Department of Surgery, National Taiwan University Hospital, National Taiwan University, College of Medicine, Taipei, Taiwan.
J Vasc Surg. 2011 Oct;54(4):972-8. doi: 10.1016/j.jvs.2011.04.024. Epub 2011 Jul 29.
Infected aneurysm of the suprarenal abdominal aorta is rare and can be fatal without surgery. There have been only sporadic case reports or small case series. We review our experience with 14 patients over 13 years.

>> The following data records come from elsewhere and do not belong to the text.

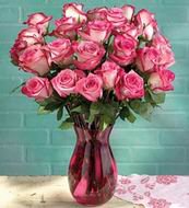 A romantic message that's sure to touch your beloved's heart. 24 peach roses in a vase.
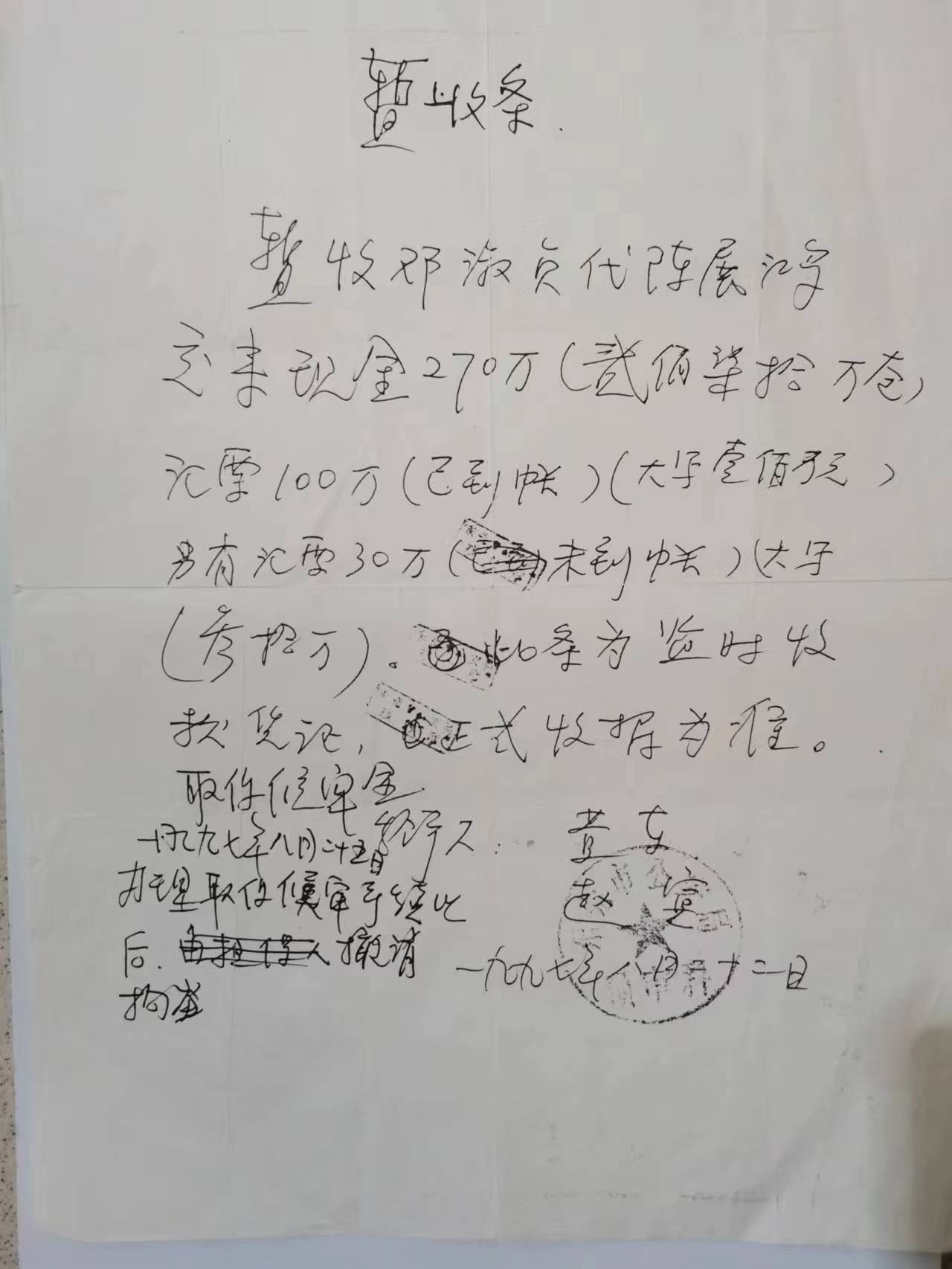前不久,记者在广州采访了原广州市荔湾区工商联会长丁肇萱女士。她告诉人民监督网:“陈展鸿先生于1997年4月20日被东莞市公安局拘留,要求400万元取保金才放人,我应陈展鸿家属要求,于1997年8月22日早上和区工商联办公室主任、电工、女司机四个人,与另一部车由邓淑贞和司机,我们共携带270万现金从广州开车去东莞,向东莞市公安局代表黄东交纳并出具暂收条单据。黄文仔的100万已到账,最后为等30万汇票暂未到账,拖到下午5点多钟才去看守所提放陈展鸿出来。当时,我们看到陈展鸿出来时被剃光了头,我们事先准备了假发,马上帮他戴上,并迅速开车离开东莞返回广州市。”
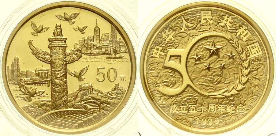 Volksrepublik seit 1949 50 Yuan GOLD 1999. 50. Jahre Volksrepublik China. 3. Ausgabe. Ziersaule und Groe Mauer. 15,55 g. 999er Gold. Originalverschweit mit Zertifikat (mit Bleistift beschriftet) und Umverpackung (mit Aufkleber). Auflage max. 15700 Ex. KM ...
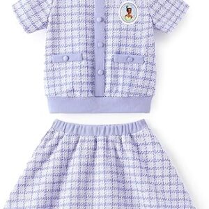 Disney Frozen Elsa Stitch Princess Moana Minnie Toddler Girl 2 Piece Outfit Kid Pearl Button Knit Top & Tweed Skirt Set 2-13Y – Tiana-purple, 6-7 Years

Retrospective chart review.
Between 1997 and 2010, 14 cases of infected aneurysms of the suprarenal abdominal aorta were treated at our hospital. There were 11 men with median age of 75.5 years (range, 35-88). Of the 13 pathogens isolated, the most common responsible microorganism was nontyphoid Salmonella in eight (62%) followed by Staphylococcus aureus in three (23%) and Streptococcus in two patients (15%). At the first admission, six patients had medical treatment alone, five patients underwent early open in situ graft repair, and three patients underwent hybrid endovascular stenting and visceral debranching. Of the six medically treated patients, two patients died in the hospital because of aneurysm rupture, and two patients underwent late open in situ graft repair because of aneurysm progression or rupture. Of the five open surgically treated patients, one patient died in the hospital because of nosocomial sepsis, and four patients were alive without major postoperative complication. Of the three endovascularly treated patients, one patient died in the hospital because of intestinal ischemia, one patient died 6 months later because of postoperative complication, and one patient was alive with complications of paraplegia, renal failure, and permanent dialysis. The aneurysm-related mortality rate was 33% (2/6) in medical treatment alone, 20% (1/5) in open in situ grafting, and 67% (2/3) in hybrid endovascular stenting.
Infected aneurysm of the suprarenal abdominal aorta was rare. Nontyphoid Salmonella was the most common responsible microorganism. Open in situ graft repair remained a preferred and durable treatment strategy.
肾上腹主动脉感染性动脉瘤罕见,如不手术治疗可致命。仅有零星的病例报告或小病例系列。我们回顾了 13 年来 14 例患者的经验。
回顾性病历分析。
1997 年至 2010 年,我院收治了 14 例肾上腹主动脉感染性动脉瘤患者。男性 11 例,中位年龄 75.5 岁(范围 35-88 岁)。在分离出的 13 种病原体中,8 例(62%)最常见的致病微生物是非伤寒沙门氏菌,3 例(23%)为金黄色葡萄球菌,2 例(15%)为链球菌。首次入院时,6 例单独接受内科治疗,5 例早期行原位开放式移植修复,3 例行杂交血管内支架和内脏去分支术。在 6 例内科治疗患者中,2 例因动脉瘤破裂死亡,2 例因动脉瘤进展或破裂行晚期原位开放式移植修复。5 例开放式手术治疗患者中,1 例因院内脓毒症死亡,4 例患者无重大术后并发症存活。3 例血管内治疗患者中,1 例因肠缺血死亡,1 例术后 6 个月死亡,1 例因截瘫、肾衰竭和永久性透析并发症存活。单纯内科治疗的动脉瘤相关死亡率为 33%(2/6),原位开放式移植的死亡率为 20%(1/5),杂交血管内支架的死亡率为 67%(2/3)。
肾上腹主动脉感染性动脉瘤罕见,非伤寒沙门氏菌是最常见的致病微生物。开放式原位移植仍然是首选和持久的治疗策略。